Three-dimensional modeling of hyphal fusion, branching, and nutrient transport in filamentous fungi.

Abstract

Fungi exhibit behaviors distinct from other microbes. Filamentous fungi grow by extending complex networks of branched filaments collectively referred to as the mycelium. These networks can expand over large distances and traverse low-nutrient areas by translocating nutrients through the filament network. This spatial characteristic makes filamentous fungi crucial for soil ecosystems, supporting stable microbial communities and promoting plant growth.
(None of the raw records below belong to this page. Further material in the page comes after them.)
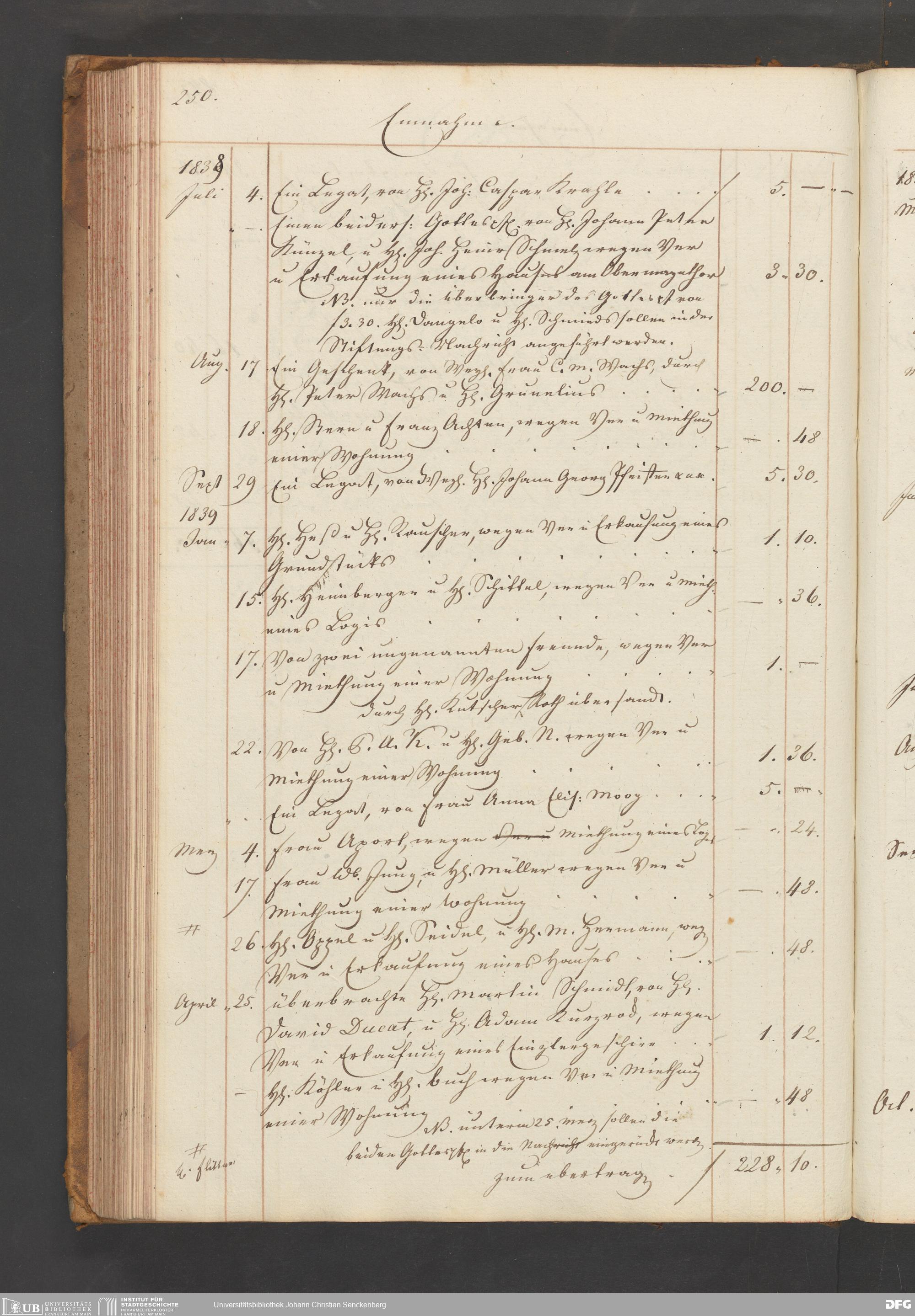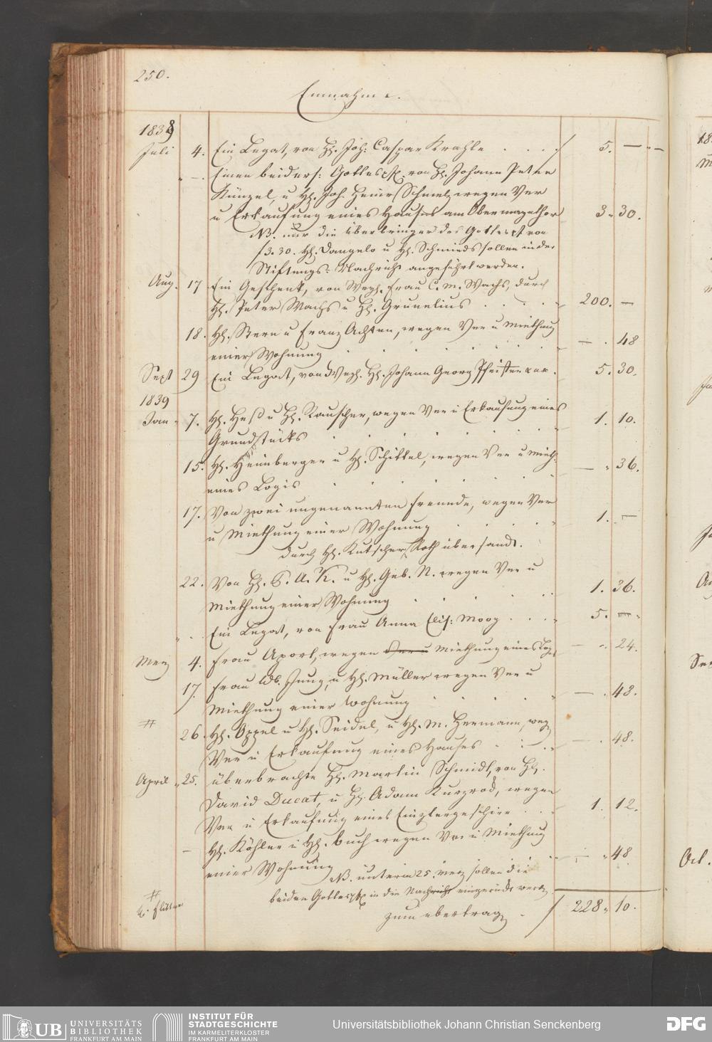 V48 Dr. Senckenbergische Stiftung, B54 - "Legaten, Verehrungen und Gottes-Pfennige-Buch vor das Burger- und Beisassen-Hospital"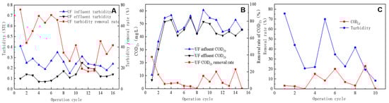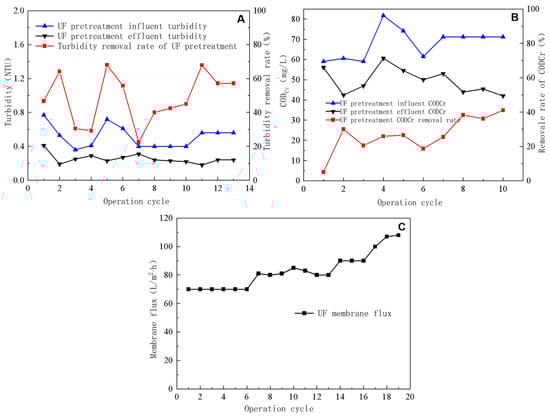 Removal efficiency of turbidity by ultrafiltration pretreatment (A), impact of ultrafiltration pretreatment on CODCr removal efficiency (B), and ultrafiltration flux (C).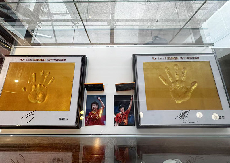 万商花园酒店内展示的乒乓球运动员手模。人民网记者 鲍聪颖摄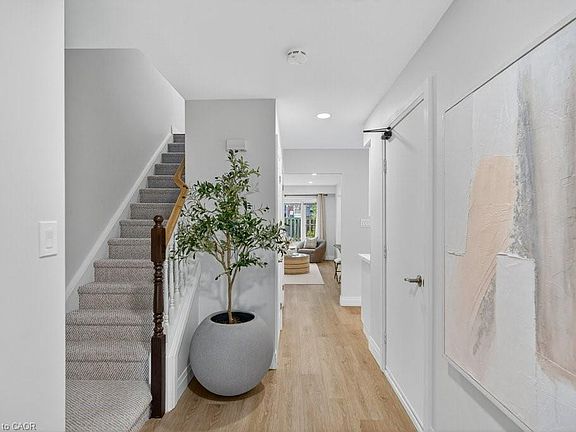 This beautifully renovated 3-bedroom, 4-bath end-unit townhome offers the perfect blend of style, space and low-maintenance living in a quiet small enclave of homes. Step inside and you’ll immediately appreciate the attention to detail throughout. Completely renovated from top to bottom, this home features all the finishes and design choices you love. The updated kitchen is loaded with cupboard space and showcases quartz countertops and stainless steel appliances. The main floor offers updated flooring, pot lights, and an ideal layout that flows seamlessly from the large family room with a newer bay window to the dining area highlighted by elegant wall mouldings, a stunning light fixture, and a walkout to your private backyard.Upstairs, natural light fills the home thanks to an extra side window exclusive to an end unit. The spacious primary bedroom features an oversized window and a beautifully updated ensuite with a walk-in shower and double sinks. Two additional bedrooms offer flexibility, one even includes a charming balcony overlooking the backyard. The main bathroom on this level has also been stylishly updated.The finished lower level adds even more living space with updated flooring and a 3-piece bathroom, perfect for all of your growing needs. The true standout is the private backyard, a rare find for a townhome. With no neighbours beside or behind, this end unit offers an extra-wide yard surrounded by mature trees, providing a greater sense of privacy and openness, ideal for relaxing, entertaining, or letting kids play freely. Enjoy easy, maintenance-free living with snow removal and exterior upkeep are all taken care of for you. Located close to parks, schools, trails, shopping, and transit, this home provides convenient access to everything the Hamilton Mountain has to offer, with quick connections to the LINC and downtown.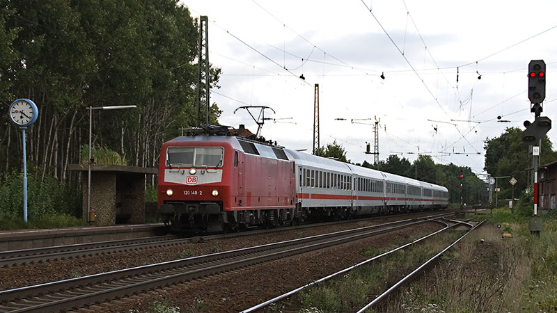 120 148-2 in orientrot und mit Latz rannte mit ihrem IC nach Hamburg. Radbruch, 29. August 2008 |
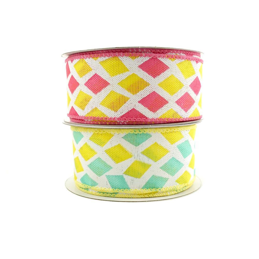 Add your own personal touch to any project! This ribbon features two toned harlequin design, which is perfect for Spring/Summer season. Take your decorating or DIY to the next level! Note: Contains wire.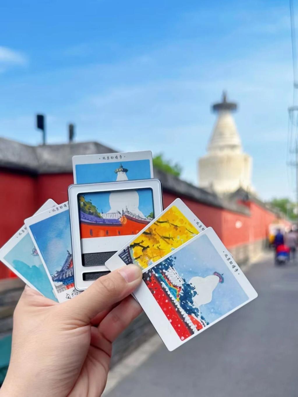 700余岁的妙应寺白塔也有秋季限定,推出了四时白塔流沙浮雕冰箱贴。“分春、夏、秋、冬4款,每款都巧妙融合金属浮雕技术与流沙效果,展现白塔随季节变化的经典景致。”工作人员说,秋季还上新了一套迷你画展冰箱贴,以原创手绘插画的形式描绘白塔与胡同的烟火气。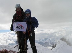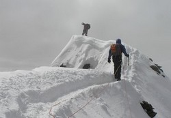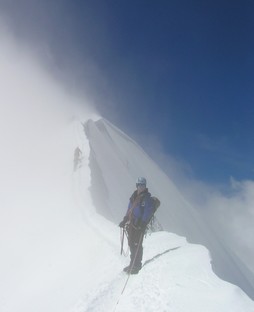 Dalje nastavljamo po steni koja je nesto kvalitetnija i teza gde se na vecim partijama nalaze brodska uzad. Uskoro srecemo naveze koje se vracaju sa vrha sto na standovima stvara guzvu. Oko 14h dolazimo do prepoznatljivog Ramena ( 4250m ) odakle sledi snezna padina nagiba oko 50stepeni.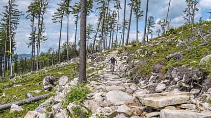 Weiter geht’s mit der Transferetappe von Złoty Stok nach Ladek-Zdrój. Eine landschaftlich eindrucksvolle Tour durch duftende Bärlauchmeere, vorbei an Aussichtspunkten und hinunter über die abwechslungsreichen Trails des Glacensis-Netzwerks bis in den Kurort Ladek-Zdrój. Die Trojak-Schleife mit Steinfeld und Panorama setzt das i-Tüpfelchen.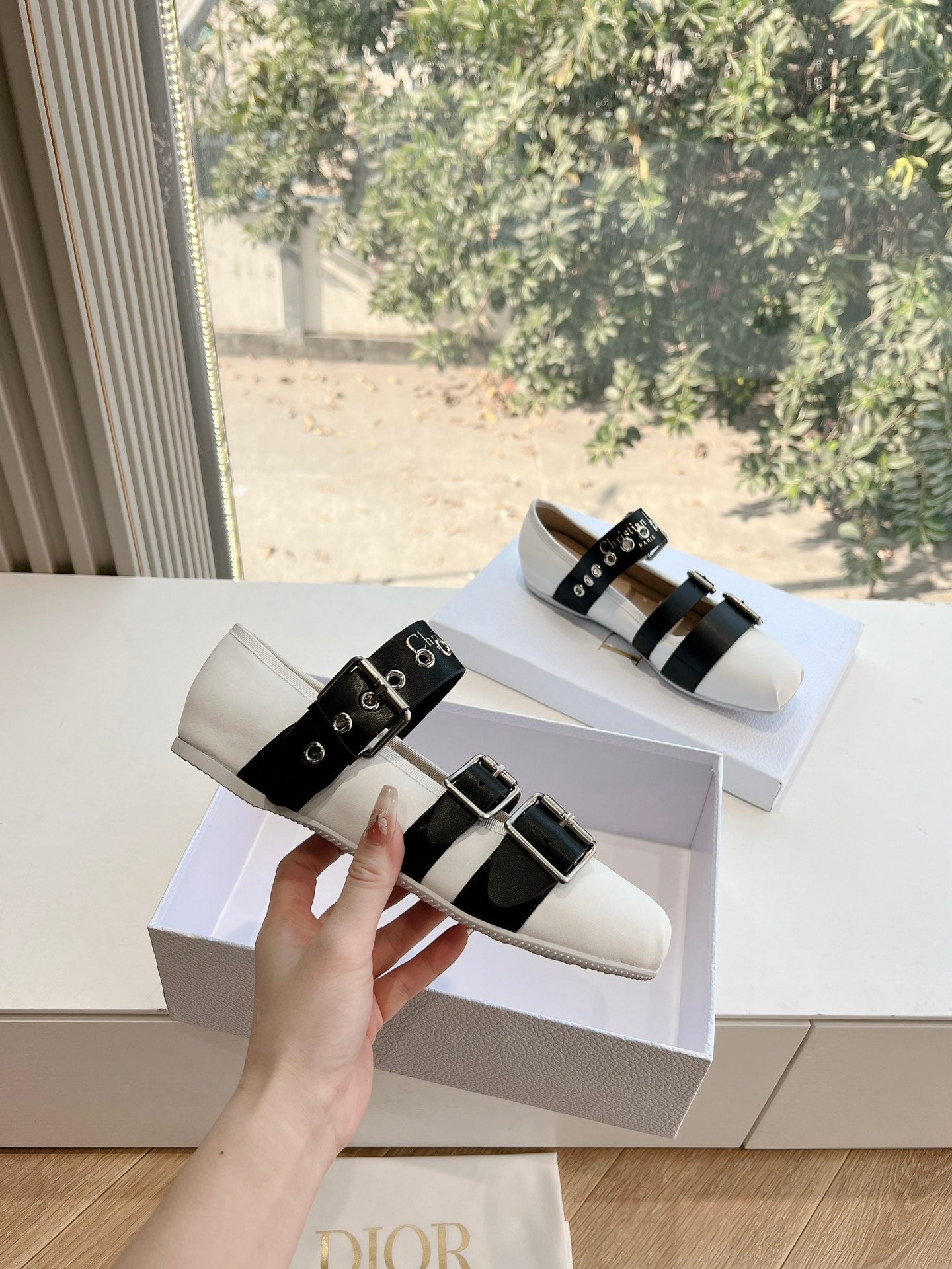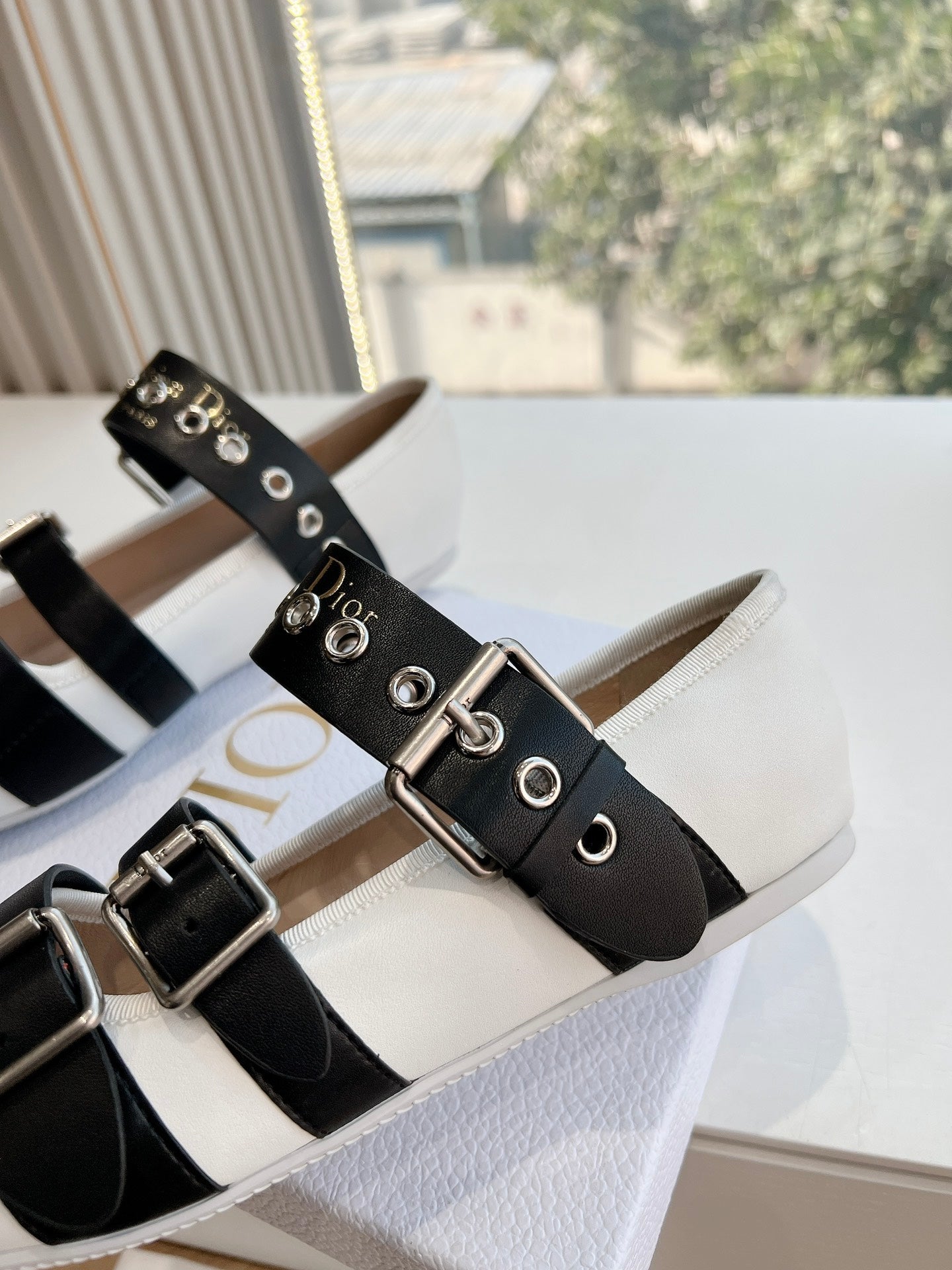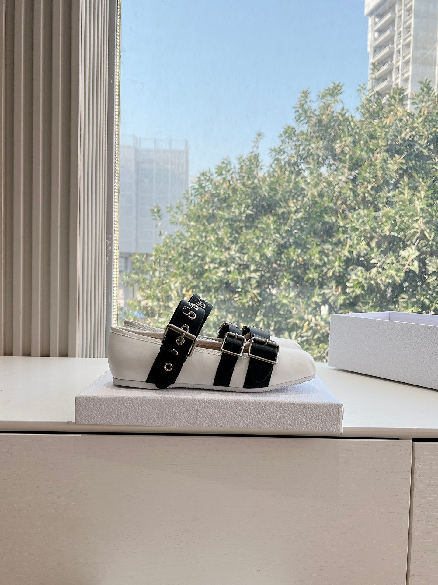PUNK BALLET FLAT IN WHITE MIX BLACK SUPPLE CALFSKIN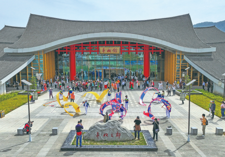 近年来,包鸾镇利用当地得天独厚的自然资源及人文景观,打造了集餐饮住宿、生态农业、森林康养等多元服务于一体的石里红枫景区,吸引众多游客打卡游玩,有效助推乡村振兴。图为包鸾镇飞仙洞村石里红枫度假区,游客在舞龙健身。

However, simulating these behaviors is complex. The elongated nature of fungal compartments results in different mechanical interactions compared to the commonly modeled spherical bacteria. These detailed hyphal mechanics require specialized consideration and are often excluded from conventional fungal simulation packages. Additionally, the extensive fungal networks in nature demand computationally intensive simulations, necessitating high-performance algorithms. Therefore, realistic fungi simulations require specialized software. We introduce a fungal modeling expansion to the high-performance biological modelling and interface exchange (bmx) software suite. bmx leverages adaptive mesh refinement in AMReX for chemical diffusion and incorporates a full mechanical model for bacterial cells, accelerated by GPUs. By extending bmx to model filamentous particles, we demonstrate the formation of complex filament networks through interactions like hyphal branching and fusion (anastomosis). We show that the networks produced match real-world fungal structures through various metrics. This work supports computational studies of fungal growth dynamics and can be adapted to investigate the growth of other filamentous structures in biology or materials science. The expanded-BMX package is open-sourced and is available online.